Viena no fue la primera ciudad europea en tener locales donde el café era la bebida reina, la antigua capital imperial ha sabido mantener durante más de tres siglos una forma de entender la vida que encandila por igual a locales y turistas.
La aparición de los locales se da a finales del siglo XVIII. La leyenda sitúa su origen en los sacos de café abandonados por los turcos tras fracasar su asedio a Viena en 1683.
La verdad es menos romántica y le atribuyen a un sitio llamado Spion Deodato la apertura del primer café, aunque sigue sin estar clara la identidad del genio que decidió mezclar la amarga infusión con leche y azúcar.
Una ceremonia
Uno entra en una wiener kaffeehaus (literalmente, casa de café) y se acomoda en un asiento, más confortable que el de muchas viviendas. Consulta una carta con gran variedad de tipos de café. Un camarero elegante se acerca. Altivo pero educado. Se hace el pedido. Y de pronto el tiempo se para.
En un café vienés ningún mesero se atreverá a apresurarte para que ordenes otro café, así lleves una hora.
"El hecho de beberlo es una excusa para algo más importante que ese momento de comodidad", cuenta la responsable del Café Museum, un local con 110 años de historia y recién remodelado.
Refiriéndose al Café Central, otro de los más genuinos de Viena, el escritor Aldred Polgar dijo que es "un apropiado asilo para personas que han de matar al tiempo para que no les mate a ellos".
Intelectualidad y café siempre han estado unidos. Así, Sigmund Freud fue cliente del Landtmann, donde conoció a Anna von Lieben, su famosa paciente Cäcilie M, esencial en sus estudios sobre el sicoanálisis.
Hablando sobre la posibilidad de una revolución en Rusia, un político austríaco planteó: "¿Quién se supone que la va a hacer. Quizás el señor Bronstein desde el Café Central?", en referencia a Leon Troski, exiliado en Viena y habitual de las partidas de ajedrez por las que ese local era conocido.
Incluso Adolf Hitler fue asiduo del café.
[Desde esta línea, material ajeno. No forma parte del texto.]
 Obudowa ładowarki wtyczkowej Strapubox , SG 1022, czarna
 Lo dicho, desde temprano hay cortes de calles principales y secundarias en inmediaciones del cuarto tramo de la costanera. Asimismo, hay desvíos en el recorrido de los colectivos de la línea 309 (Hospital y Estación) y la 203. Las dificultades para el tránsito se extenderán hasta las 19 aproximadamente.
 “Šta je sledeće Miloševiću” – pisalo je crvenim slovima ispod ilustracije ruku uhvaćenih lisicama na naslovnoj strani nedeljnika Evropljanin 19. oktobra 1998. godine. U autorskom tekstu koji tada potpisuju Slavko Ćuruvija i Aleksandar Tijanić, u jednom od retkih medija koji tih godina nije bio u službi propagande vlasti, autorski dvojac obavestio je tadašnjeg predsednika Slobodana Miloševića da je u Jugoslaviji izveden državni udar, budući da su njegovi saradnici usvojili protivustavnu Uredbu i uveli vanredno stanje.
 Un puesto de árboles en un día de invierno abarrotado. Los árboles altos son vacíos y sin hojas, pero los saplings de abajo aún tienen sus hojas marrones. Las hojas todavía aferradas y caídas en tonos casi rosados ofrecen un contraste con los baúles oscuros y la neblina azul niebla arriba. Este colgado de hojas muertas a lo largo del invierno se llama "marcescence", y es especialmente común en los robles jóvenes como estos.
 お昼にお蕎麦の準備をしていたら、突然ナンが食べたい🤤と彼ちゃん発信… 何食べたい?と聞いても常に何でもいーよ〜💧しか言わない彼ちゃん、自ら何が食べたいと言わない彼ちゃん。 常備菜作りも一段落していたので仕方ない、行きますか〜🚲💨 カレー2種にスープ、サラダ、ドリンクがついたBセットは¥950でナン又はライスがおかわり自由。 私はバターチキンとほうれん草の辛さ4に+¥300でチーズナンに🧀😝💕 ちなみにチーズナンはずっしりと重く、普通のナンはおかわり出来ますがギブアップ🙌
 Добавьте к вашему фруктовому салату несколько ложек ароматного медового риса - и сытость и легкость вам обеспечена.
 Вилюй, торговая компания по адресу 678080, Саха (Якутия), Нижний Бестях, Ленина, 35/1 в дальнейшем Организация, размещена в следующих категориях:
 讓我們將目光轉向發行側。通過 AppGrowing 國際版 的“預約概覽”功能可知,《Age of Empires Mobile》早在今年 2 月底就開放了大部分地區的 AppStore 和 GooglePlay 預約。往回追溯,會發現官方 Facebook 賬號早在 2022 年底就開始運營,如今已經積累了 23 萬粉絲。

En la época en la que aún no había cambiado el pincel por el fusil y aún soñaba con ser artista, el futuro führer frecuentaba el Café Sperl, muy cerca de la Academia de Bellas Artes.
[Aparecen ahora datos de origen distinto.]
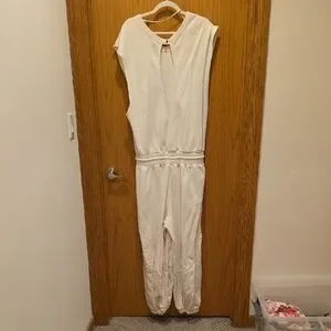 Stylish cream jumpsuit. Sleeveless design. Drawstring waist for comfort. Perfect for casual wear.
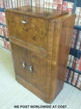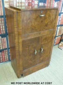 An Art Deco burr walnut drinks or cocktail cabinet with fitted mirrored interior to top section (W77 x D40 H117)
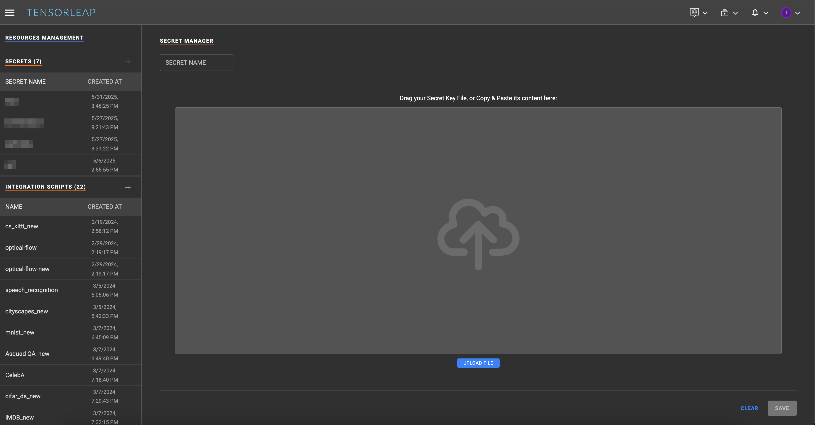 Resources refer to Secrets, Datasets, and CLI tokens that you can use within the Tensorleap platform. They are set up from the **Resources Management** page.
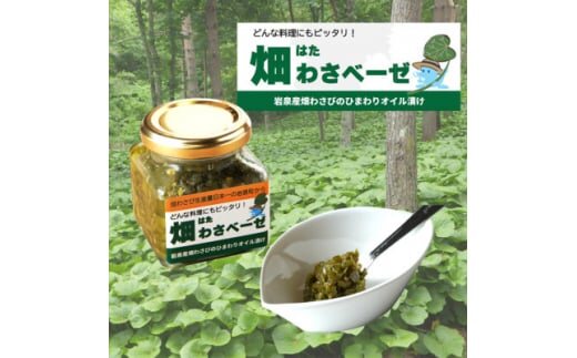 ■お礼品の内容について ・畑わさベーゼ[2個] 原産地:岩手県岩泉町 ■原材料・成分 原材料名:塩蔵茎わさび(岩手県岩泉町製造)、食用ひまわり油、かつおぶし混合エキスパウダー(サバを含む)、ゴマ、フライドガーリック、フライドオニオン、野菜香味調味料(ゼラチン・乳成分を含む)/香辛料抽出物(大豆由来)、調味料(アミノ酸等)、着色料(クチナシ)、香料 |
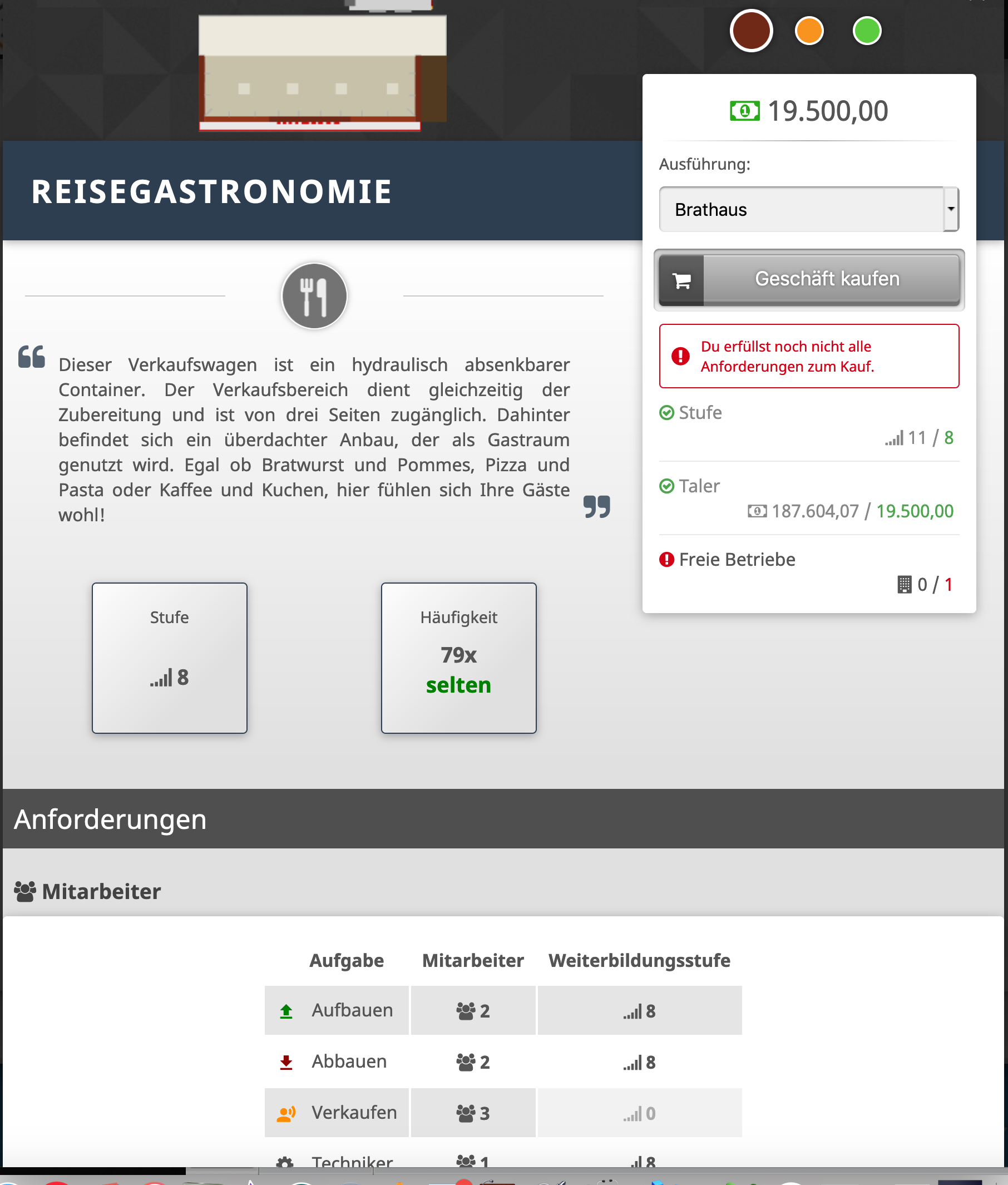 Aber du kaufst Geschäfte mit einem bestimmten Lvl. Wenn du level 8 bist, kannst du alle geschäfte bis Lvl 8 kaufen.
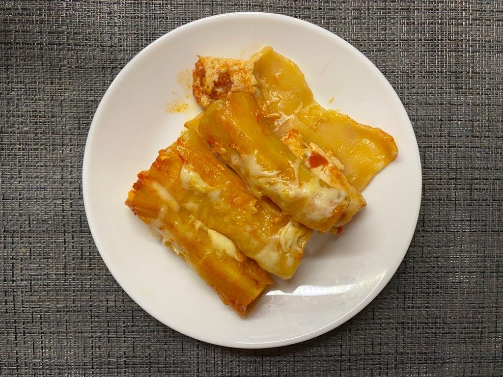 Каннеллони с курицей и сыром сулугуни в томатном соусе
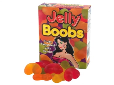Owocowe żelki w kształcie cycuszków. Żelki są świetnym pomysłem, aby urozmaicić menu np. wieczoru kawalerskiego. Mogą posłużyć również jako żartobliwy prezent.
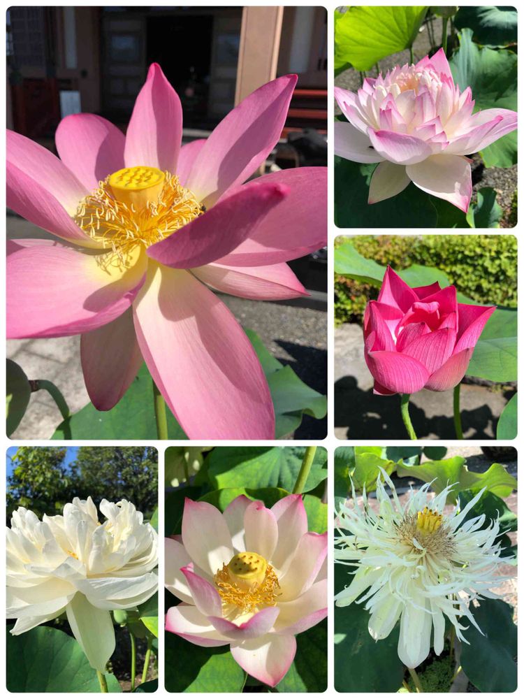 こんなにいろんな種類のハス🪷が咲いてるお寺があるんですね〜😊特に右下のpicはビックリです!どれも美しい〜😍
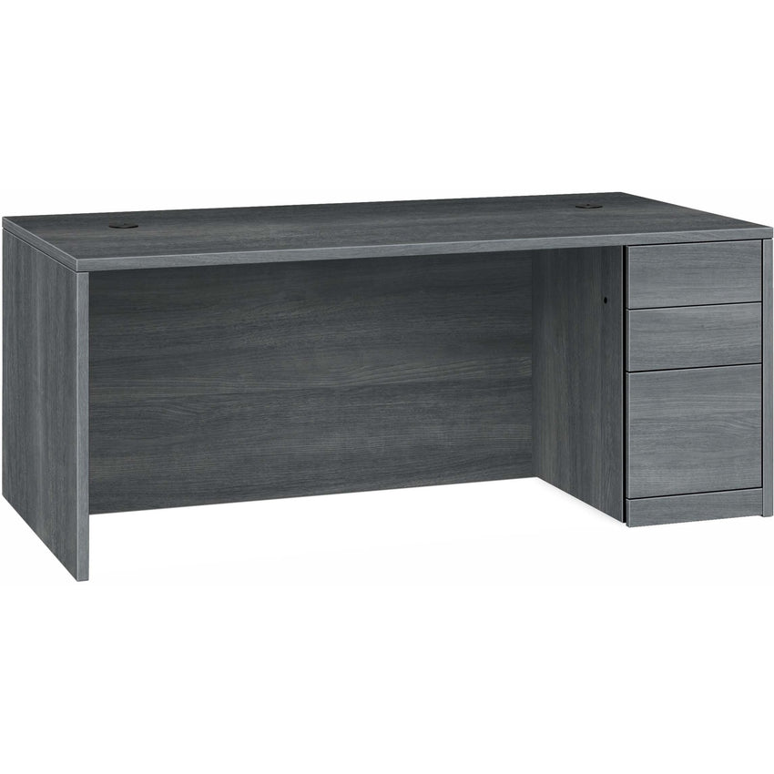 Enhance your office with this right-pedestal desk designed for strength, style, and everyday performance. Crafted from durable, high-performance materials, it features a solid inner-frame construction and a thermal-fused laminate surface that resists scratches, stains, and spills for long-lasting beauty. The Sterling Ash finish and clean, flat edges give it a refined and modern appearance suitable for any professional environment. The desk includes a right-side pedestal with two box drawers for office supplies and one spacious file drawer for document organization. Each drawer features five-sided construction and full-extension, ball-bearing suspension for smooth and reliable operation. Integrated hangrails accommodate letter- and legal-size files, offering flexible storage options. Two 3" grommets ensure efficient cable management, keeping your workspace tidy and organized. A full modesty panel enhances privacy, and a core-removable lock provides secure storage and easy rekeying when needed.

Tras crisis que sufrieron los cafés en los 70, en los últimos años han vuelto a ponerse de moda.
El café vienés no sería lo mismo sin sus estirados y profesionales camareros. Para referirse a ellos existe una palabra especial, el ober, que señala una clara diferencia de rango respecto al resto de camareros.
El buen sabor
La responsable del Café Mozart, el más antiguo de la ciudad, explica que esa vinculación con el café es tal que incluso cuando un huésped habitual enferma no es raro que algún familiar le llame para advertirle de que va a estar unos días sin acudir al local.
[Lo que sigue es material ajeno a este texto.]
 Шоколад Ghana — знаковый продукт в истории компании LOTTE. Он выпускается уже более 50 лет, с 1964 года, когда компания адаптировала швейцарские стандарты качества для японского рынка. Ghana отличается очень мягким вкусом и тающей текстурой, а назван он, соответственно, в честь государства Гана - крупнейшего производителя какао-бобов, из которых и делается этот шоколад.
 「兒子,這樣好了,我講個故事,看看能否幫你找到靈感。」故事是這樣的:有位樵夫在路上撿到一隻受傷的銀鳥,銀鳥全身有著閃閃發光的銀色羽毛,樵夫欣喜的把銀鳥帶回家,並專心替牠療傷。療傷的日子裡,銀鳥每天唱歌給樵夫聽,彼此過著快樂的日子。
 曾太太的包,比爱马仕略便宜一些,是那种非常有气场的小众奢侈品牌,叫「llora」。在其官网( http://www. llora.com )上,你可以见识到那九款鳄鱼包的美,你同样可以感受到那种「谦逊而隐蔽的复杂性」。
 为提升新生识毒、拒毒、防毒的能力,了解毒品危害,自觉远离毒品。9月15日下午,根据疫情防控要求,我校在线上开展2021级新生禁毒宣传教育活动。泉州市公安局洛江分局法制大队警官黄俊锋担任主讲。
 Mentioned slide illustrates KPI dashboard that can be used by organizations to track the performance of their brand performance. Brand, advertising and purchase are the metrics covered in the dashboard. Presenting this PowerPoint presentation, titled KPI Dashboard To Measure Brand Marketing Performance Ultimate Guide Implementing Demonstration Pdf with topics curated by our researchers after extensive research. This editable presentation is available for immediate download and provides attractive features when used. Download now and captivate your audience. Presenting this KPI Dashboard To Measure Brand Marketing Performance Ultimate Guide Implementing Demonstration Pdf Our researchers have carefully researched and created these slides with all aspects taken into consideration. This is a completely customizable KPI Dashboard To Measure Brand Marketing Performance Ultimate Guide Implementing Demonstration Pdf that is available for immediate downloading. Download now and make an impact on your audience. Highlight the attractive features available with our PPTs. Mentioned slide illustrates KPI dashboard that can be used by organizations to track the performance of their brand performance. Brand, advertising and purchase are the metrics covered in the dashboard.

Pero si la comodidad, el tiempo y la elegancia son el alma del wiener kaffeehaus, el café, el buen café, es lo que da cuerpo y prestigio a un local.
En el Museum, por ejemplo, hay 20 variedades distintas. Para el extranjero, acostumbrado al reducido espectro de "solo o con leche", la oferta puede resultarle abrumadora.
Hay para todos los gustos: desde los imprescindibles cappuccino o melange, al rotundo café turco, el latte, el Maria Theresia (con licor de naranja) el Mozart (con almendra) y el Franz Landtmann (con brandy y canela).
Eso sí, la comodidad, el lujo y el tiempo se pagan: un melange puede rondar los cuatro euros en cualquier café que se precie de su nombre; un elevado precio, que no garantiza la supervivencia de estos establecimientos.
Aparte de la amenazas del café a un euro de algunas cadenas de comida rápida y la moda del "para llevar", el café vienés también tiene un enemigo en casa: la falta de evolución. Muchos locales no se han renovado desde la primera Guerra Mundial. En muchos parece que el tiempo se ha detenido.